Lately we're seeing timeouts from the php scripts at busy moments. I've been trying to debug this, but can't find the issue. Some information:
- Mail is injected through smtp, port 25
- The active queue is almost empty, even at peak moments (qshape)
- Number of deferred mails is low
- I've set default_process_limit to 10000 and smtpd_client_connection_count_limit to 3000
- Load on the servers is never higher then 2
- Number of smtp processes peaks at about 2000
- We're running local DNS
- We're using opendkim to sign every message
What can I do to find the reason for the timeouts?
> Thanks for answering. The timeouts happened because postfix was waiting for
> opendkim.
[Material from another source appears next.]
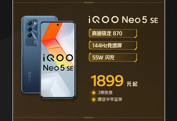 iQOO Neo5 SE是目前市场上少有的搭载了144Hz LCD材质屏幕的机型,而且它还内置了骁龙870芯片,性能表现相当不错。在活动期间,此手机到手价低至1899起,支持3期免息,还有半年延保相赠。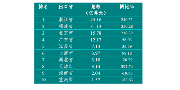 从出口发货省市来看,浙江、福建、北京体外诊断产品出口额位列前三名,分别为45.16亿美元、31.13亿美元和15.78亿美元,同比增长分别为240.51%、350.28%和210.32%。除湖北、湖南两省的出口额有明显下降,其他发货省市的出口额依然保持增长态势(详见表5)。

Changing the socket from tcp to unix domainsockets solved this,
> almost: at busy moments postfix now logs:
> telemann postfix-13/smtpd: warning: connect to Milter service
> unix:/var/run/opendkim/opendkim.sock: Resource temporarily unavailable
> And opendkim says:
> opendkim: OpenDKIM Filter: accept() returned invalid socket (Numerical
> result out of range), try again
> Is postfix requesting something invalid, or is this a problem with opendkim?